:: SOURCE MATERIAL
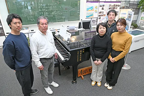 (写真:奇跡のピアノを囲む遠藤洋さん=左から2人目=ら)
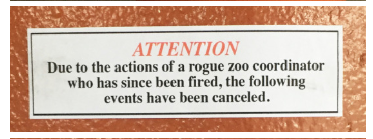 Obvious Plant left some fake zoo events at the Dallas Zoo...
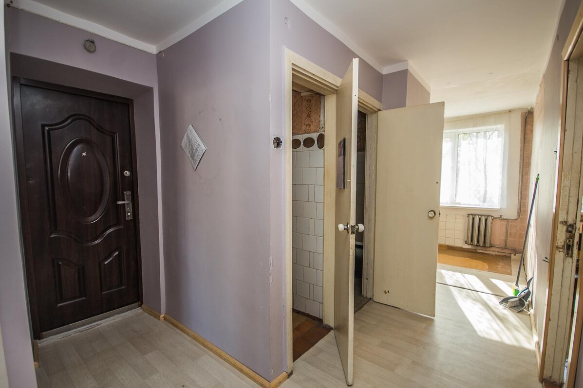 Для реализации задуманного, было принято решение снести все перегородки кроме несущих стен, т.к. новые стены из гипсокартона позволяют осуществить идеальное выравнивание при минимальном расходе времени и средств, а также скрывают электрику и трубы. После демонтажа стен, был снят и старый деревянный пол до бетонных плит перекрытия.
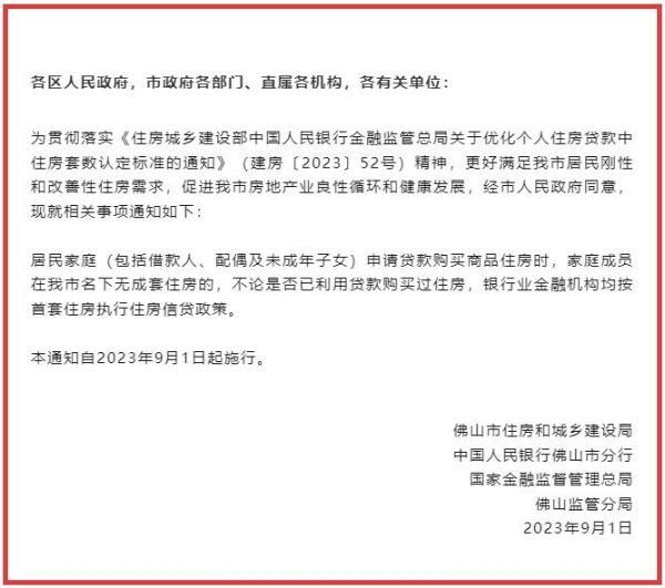 央视网消息:据“佛山住建”微信公众号消息,佛山市住房和城乡建设局等部门发布《关于优化我市个人住房贷款中住房套数认定标准的通知》,具体内容如下。
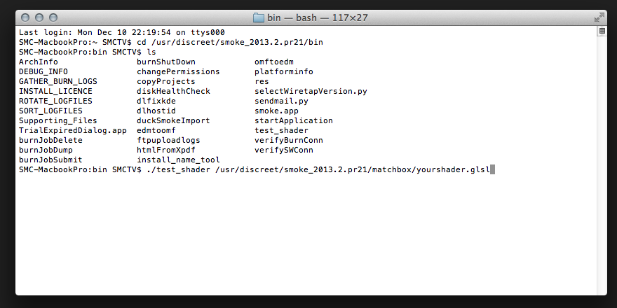 Type cd /usr/discreet/<Smoke Version>/bin [Enter] <Smoke Version> would be the folder name of your current version of Smoke. You can Shift+CMD+G in Finder and go to /usr/discreet/ to see what your current version of Smoke is. The Smoke 2013 retail release will be smoke_2013.2
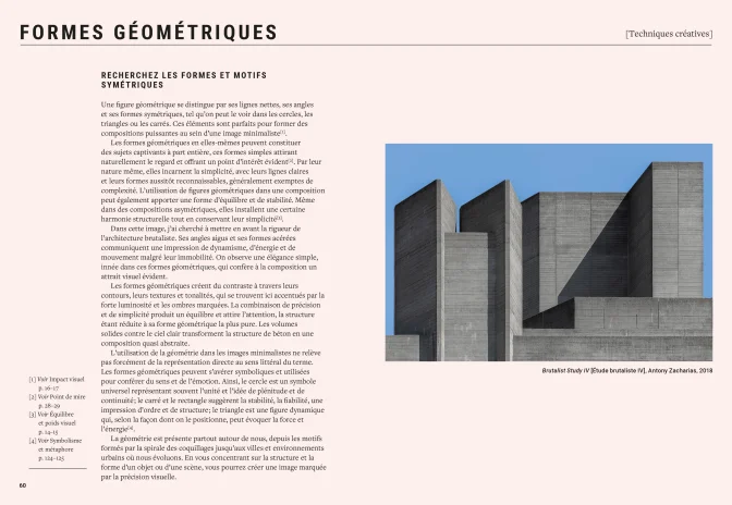 Critique : Antony Zacharias compose ce recueil en quatre parties. Chacune d’entre elles présente plusieurs techniques et précise comment les utiliser dans le cadre de la photographie minimaliste. Chacune de ces méthodes est décrite en une à deux pages, illustrées par une ou deux photos.
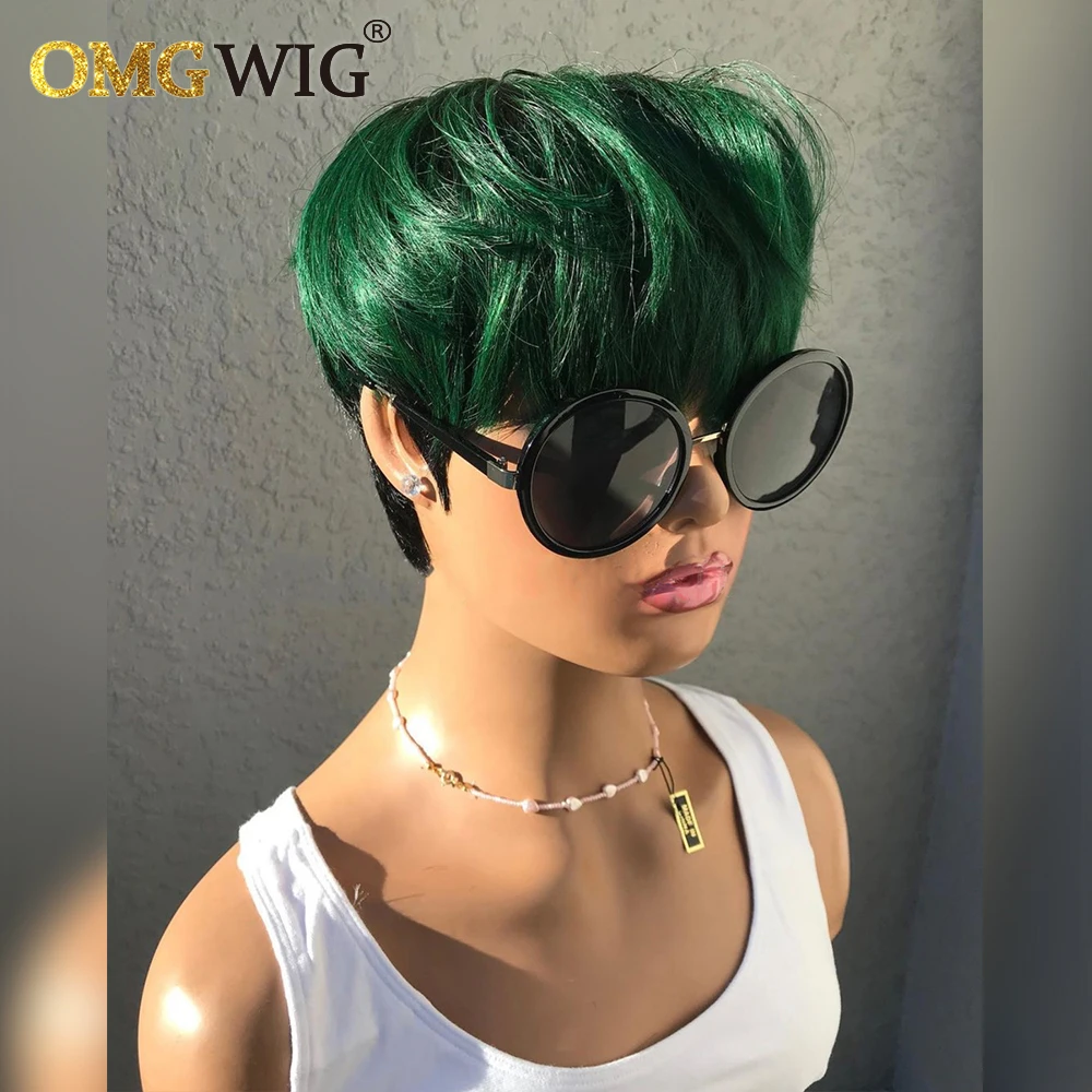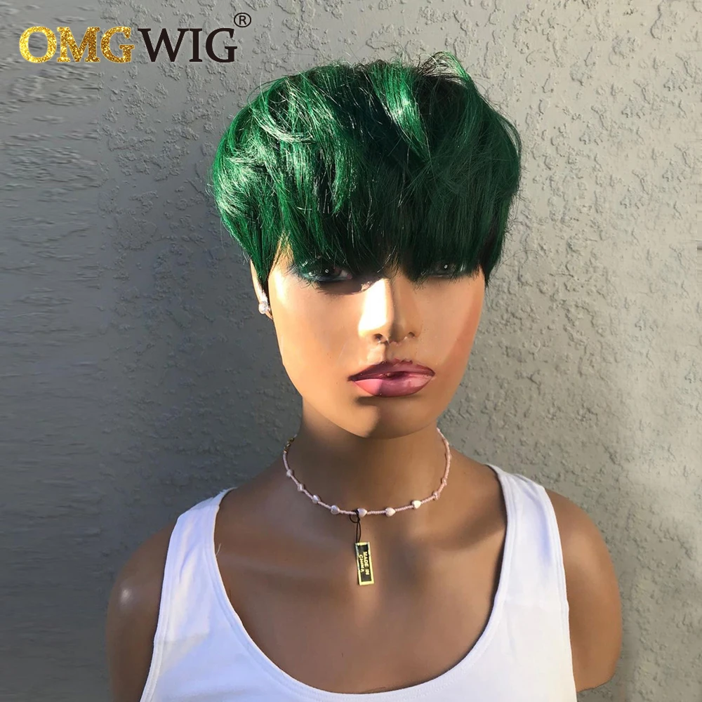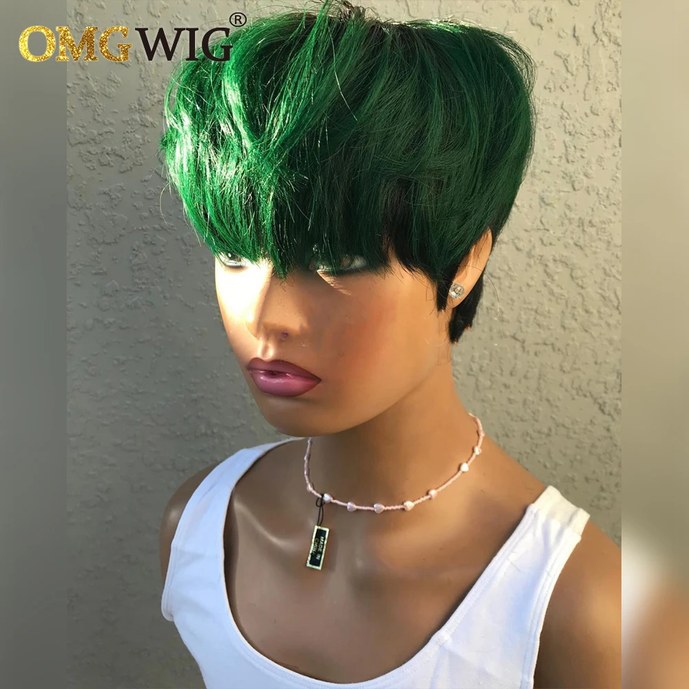Короткие парики зеленого цвета Омбре для женщин, прямой парик Боб с челкой, бразильские волосы без кружева спереди, дешевые бесклеевые парики
::::
◆ **ASSIGNMENT**: Except for the pictures, return every line of the material exactly.

◆ **ANSWER**:
 (写真:奇跡のピアノを囲む遠藤洋さん=左から2人目=ら)
 Obvious Plant left some fake zoo events at the Dallas Zoo...
 Для реализации задуманного, было принято решение снести все перегородки кроме несущих стен, т.к. новые стены из гипсокартона позволяют осуществить идеальное выравнивание при минимальном расходе времени и средств, а также скрывают электрику и трубы. После демонтажа стен, был снят и старый деревянный пол до бетонных плит перекрытия.
 央视网消息:据“佛山住建”微信公众号消息,佛山市住房和城乡建设局等部门发布《关于优化我市个人住房贷款中住房套数认定标准的通知》,具体内容如下。
 Type cd /usr/discreet/<Smoke Version>/bin [Enter] <Smoke Version> would be the folder name of your current version of Smoke. You can Shift+CMD+G in Finder and go to /usr/discreet/ to see what your current version of Smoke is. The Smoke 2013 retail release will be smoke_2013.2
 Critique : Antony Zacharias compose ce recueil en quatre parties. Chacune d’entre elles présente plusieurs techniques et précise comment les utiliser dans le cadre de la photographie minimaliste. Chacune de ces méthodes est décrite en une à deux pages, illustrées par une ou deux photos.
Короткие парики зеленого цвета Омбре для женщин, прямой парик Боб с челкой, бразильские волосы без кружева спереди, дешевые бесклеевые парики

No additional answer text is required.